Половчанка лежала на Горчаке, будто переломленная тростинка, поперечным ударом тяжелого половецкого меча. Серик соскочил с коня, склонился к ним, тут и огня высекать не надо было — при свете луны видно было, что мертвы оба.
Серик сумрачно сказал:
— Заберите тела павших, отступаем… Знать не судьба… В теснинах стоять будем, сколько даст Перун…
На следующий день русичи готовили место упокоения своих павших; копали ямы, возили бревна для срубов, Горчака с половчанкой решили похоронить отдельно от остальных. Половецкий стан притих, только дозорные настороженно вглядывались в русский стан. Через день, когда срубы были готовы и Лисица с горем пополам знавший похоронный обряд многобожников, справлял службу, вдруг раздался свист дозорного. Вспрыгнувший на телегу Чечуля сказал:
— Ишь, один скачет… Щас я его… — и принялся натягивать тетиву.

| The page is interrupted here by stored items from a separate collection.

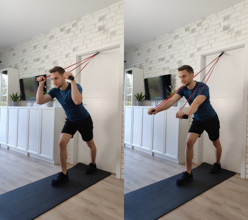 Poniżej znajdują się ćwiczenia, które polecamy wykonywać z naszymi rączkami. Są to głównie ćwiczenia, gdzie chcemy uzyskać krótszą gumę i stały opór podczas całego ruchu wykonywanego w ćwiczeniu. Polecamy wykonywać z naszymi rączkami tylko te ćwiczenia, gdzie gumy faktycznie sprawiają dyskomfort wbijając się w dłonie :)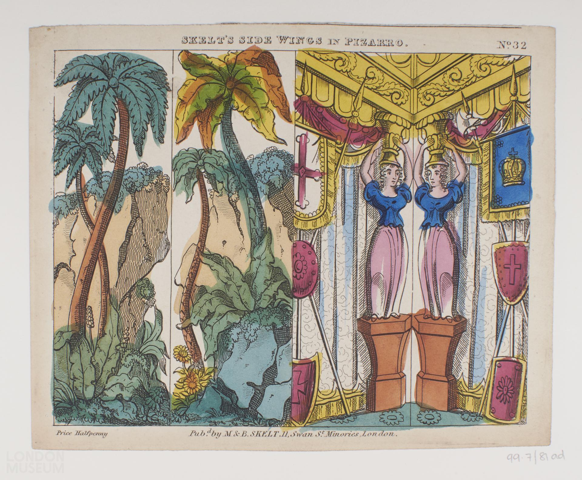 Coloured toy theatre scenery sheet relating to the play 'Pizarro', No. 32. Published by M & B. Skelt, 11 Swan St, Minories, London and sold for 1/2d each.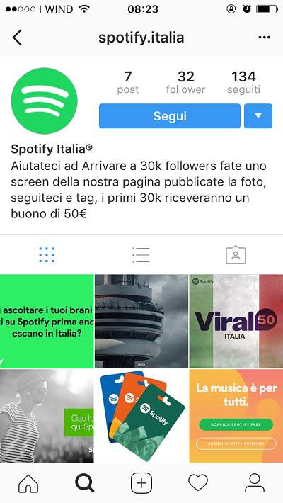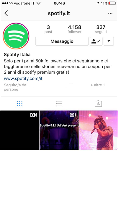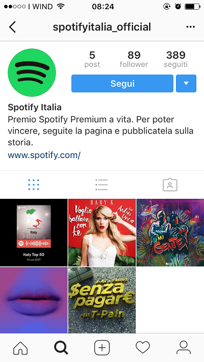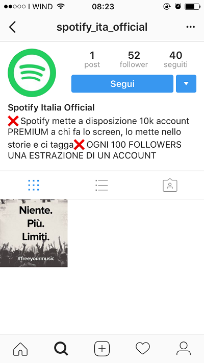 L’account Instagram della pagina è quello di Spotify Italia, e anche il logo è lo stesso. Ce ne sono diverse, ma nessuna di queste ha la spunta blu che indica che l’account è verificato, quindi ufficiale. Le descrizioni variano, ma riportano tutte più o meno la stessa cosa: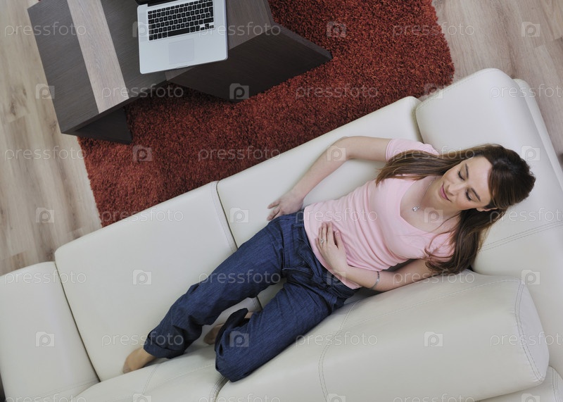 Красивая молодая женщина лежит на диване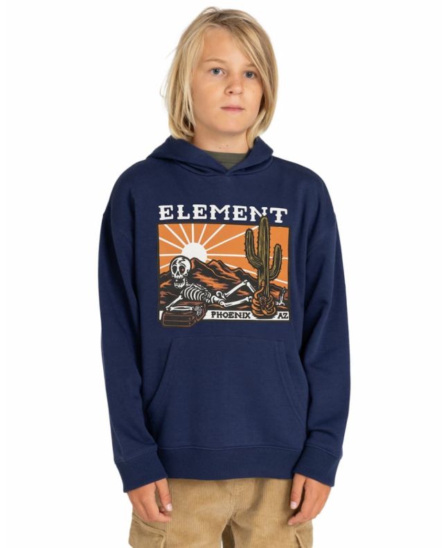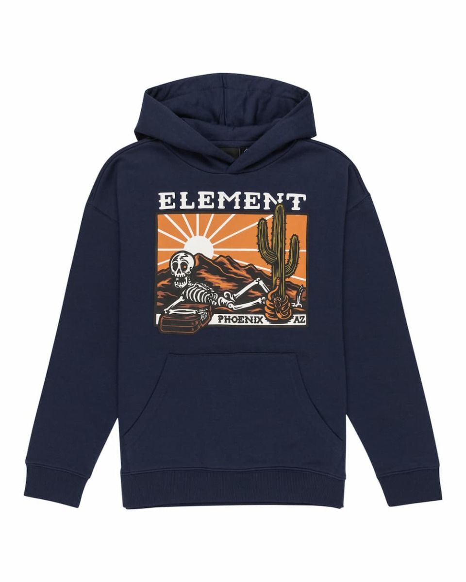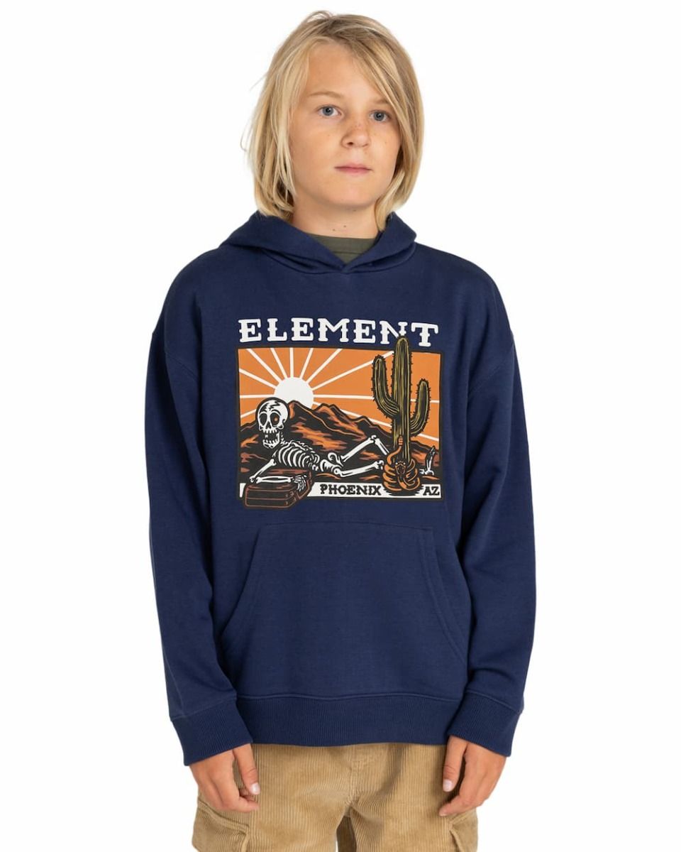 Este hoodie infantil de ajuste regular cuenta con capucha, punto canalé en puños y dobladillo inferior, un bolsillo tipo canguro, un gráfico Element de un esqueleto en el desierto serigrafiado en la parte delantera y una discreta etiqueta de tela con el logo de la marca tejida en la costura lateral.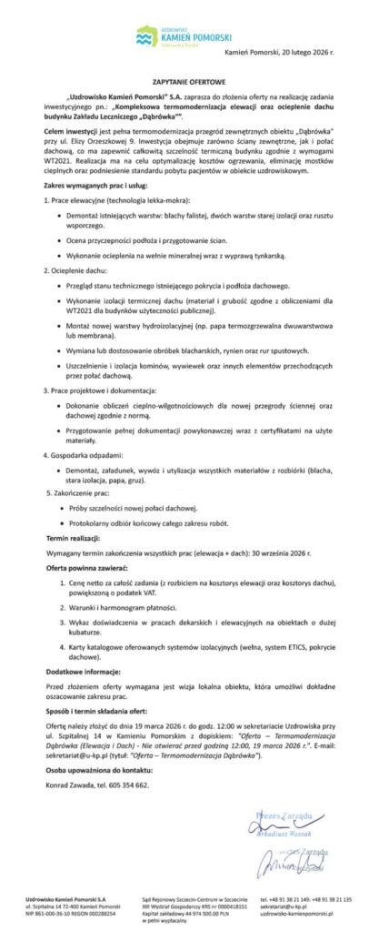 „Uzdrowisko Kamień Pomorski” S.A. zaprasza do złożenia oferty na realizację zadania inwestycyjnego pn.: „Kompleksowa termomodernizacja elewacji oraz ocieplenie dachu budynku Zakładu Leczniczego „Dąbrówka””.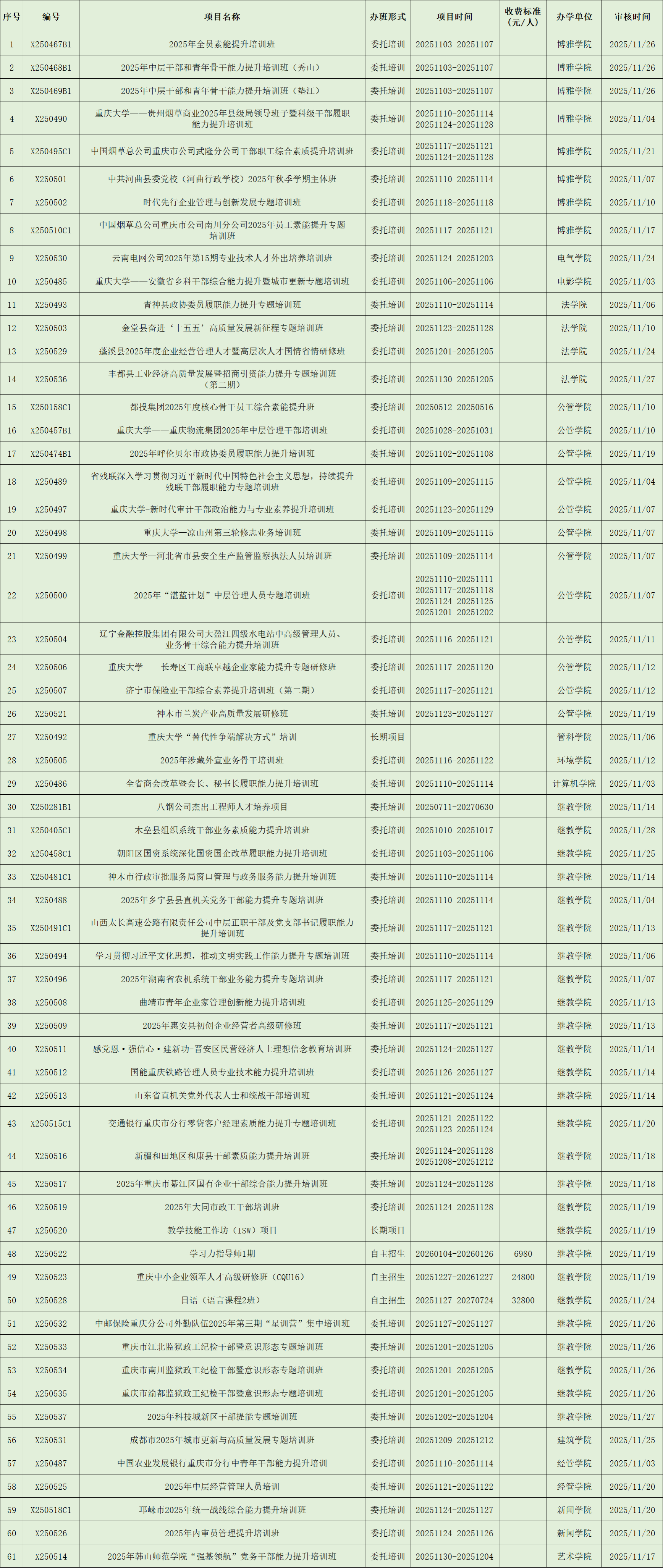 非学历教育项目列表(2025年11月)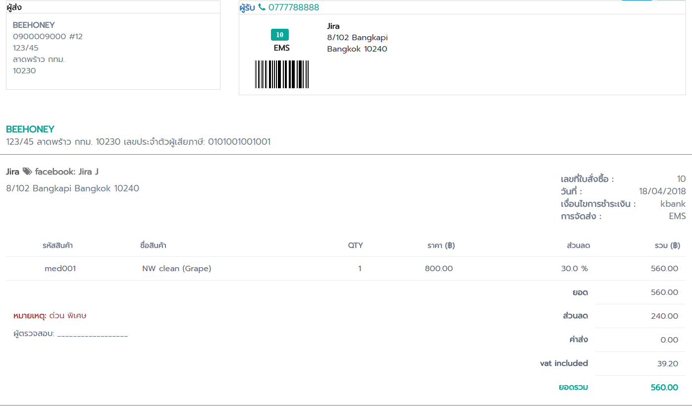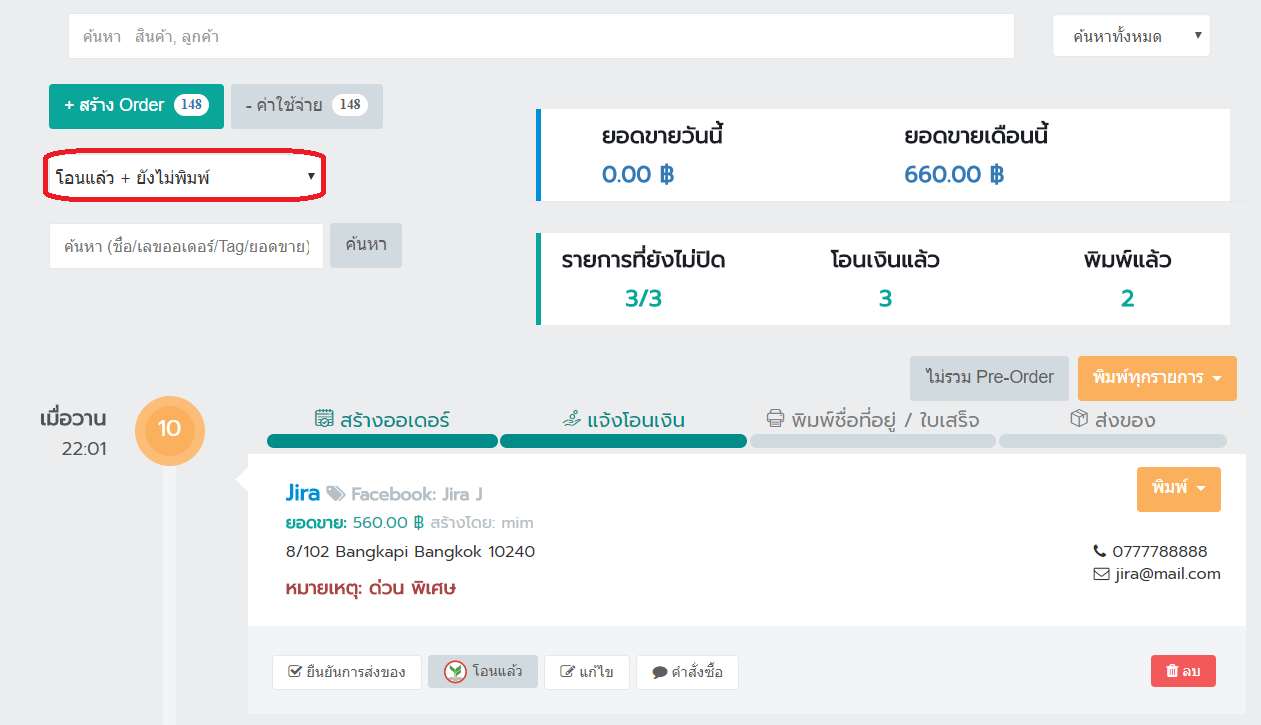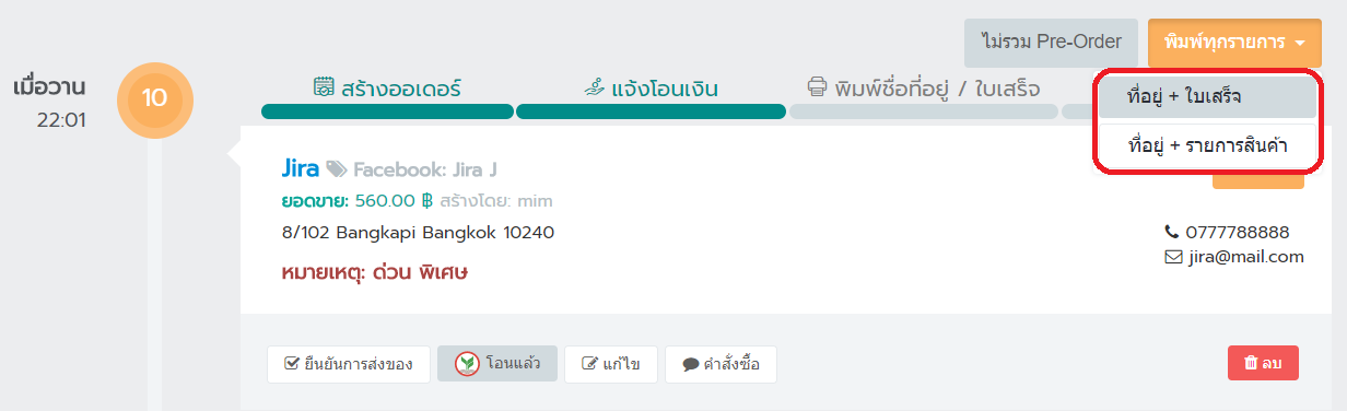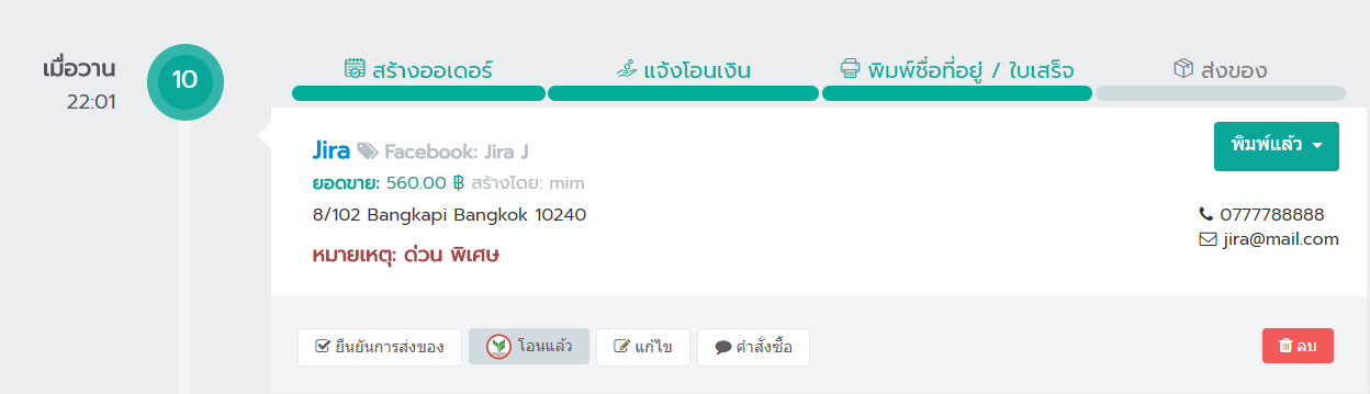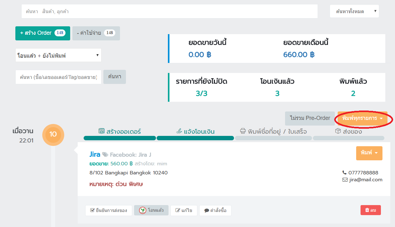 4. จากนั้นสถานะออเดอร์จะเป็นพิมพ์แล้ว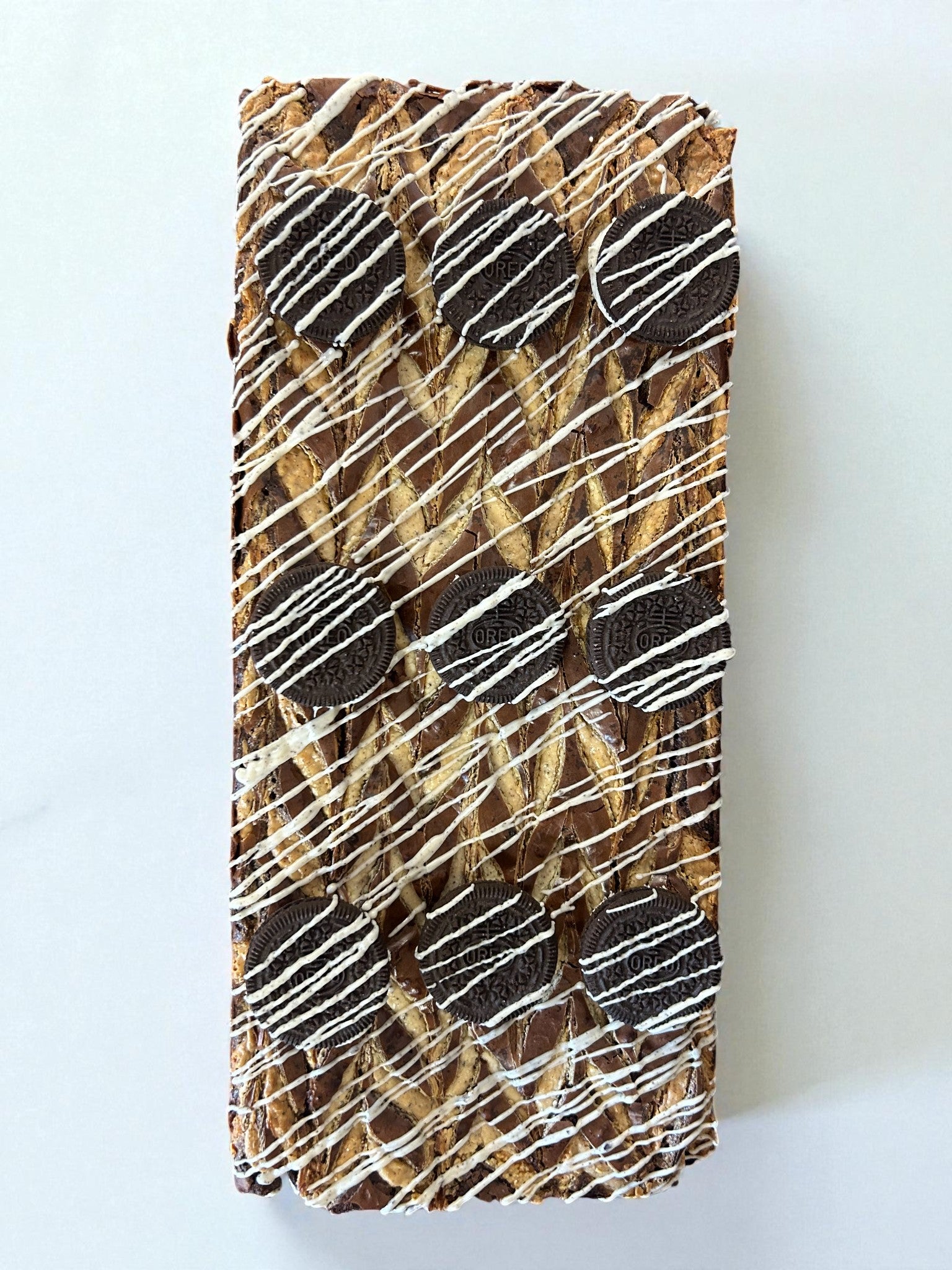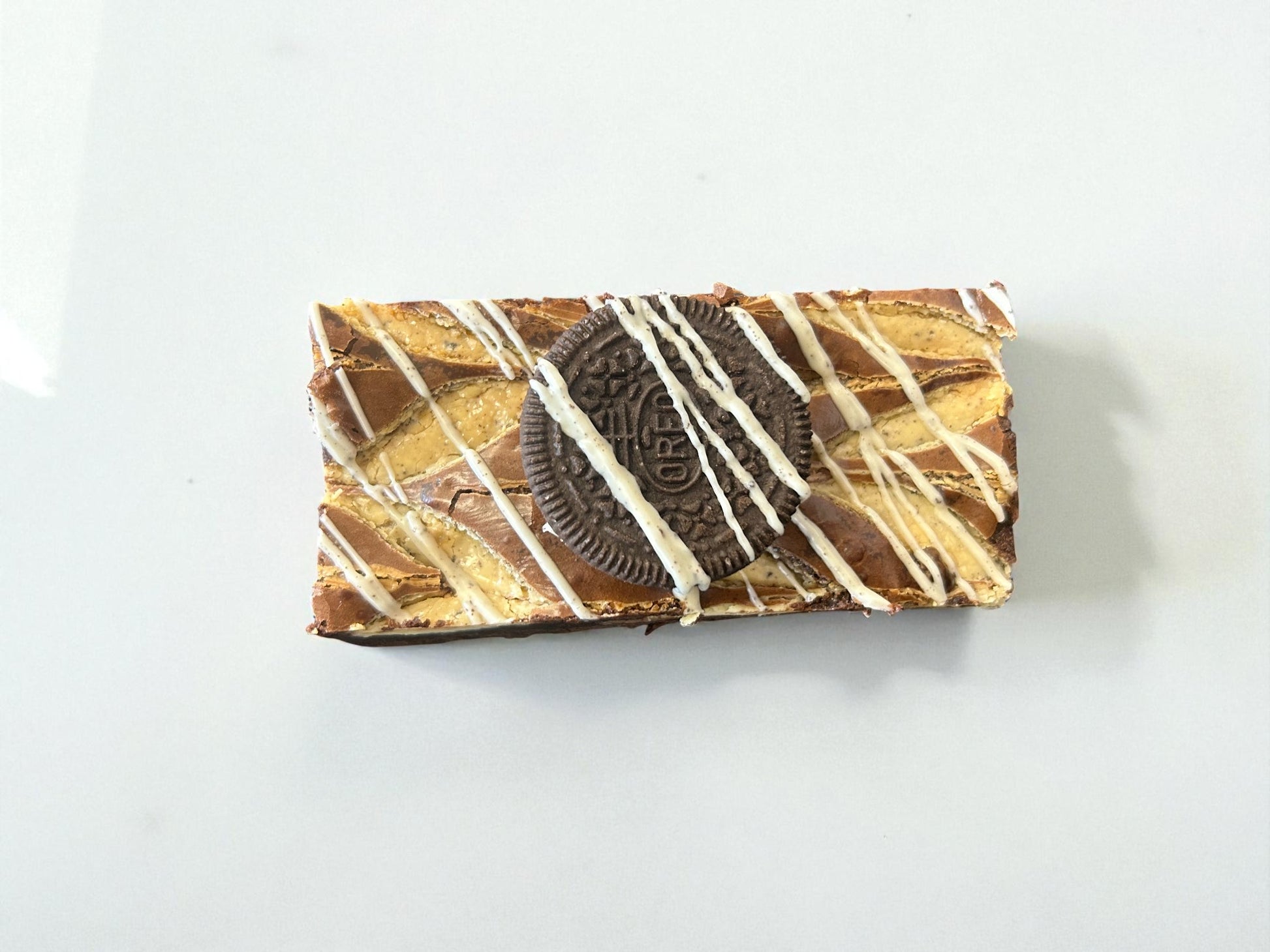Our original brownie base with cookies & cream swirled through and topped with oreo biscuits.

Серик тоже вспрыгнул на телегу, вгляделся. Что-то ему показалось знакомым в скачущем всаднике; то ли посадка, то ли доспех, то ли все вместе?
— Погодь… — коротко бросил он, перехватывая руку Чечули.
Всадник был уже близко, и он был без шлема. Серик задумчиво протянул:
— Это не половец, и я его знаю… Да-а… Правду сказывают — тесен мир…
Возле толпы грозно хмурившихся воинов осадил коня не кто иной, как старый знакомец франк Рене. Углядев Серика на телеге, он буквально остолбенел, и долго не мог произнести ни слова. Наконец Серик сжалился над ним, сказал:
— Эт не блазнится тебе, друже Рене — Серик я, собственной персоной… — и, обращаясь к дружине: — Расступись браты, знакомец это мой старый!
Рене соскочил с коня, бросил повод на землю и прошел сквозь расступившуюся толпу. Увидя мертвых, рядком лежащих на земле, нахмурился, протянул потрясенно:
— Горча-ак… Клео… — подняв враз поджавшееся лицо, проговорил медленно: — Что ж вы наделали? Я привез повеление дуче, беспрепятственно пропустить вас на Русь. Мир у половцев с Русью…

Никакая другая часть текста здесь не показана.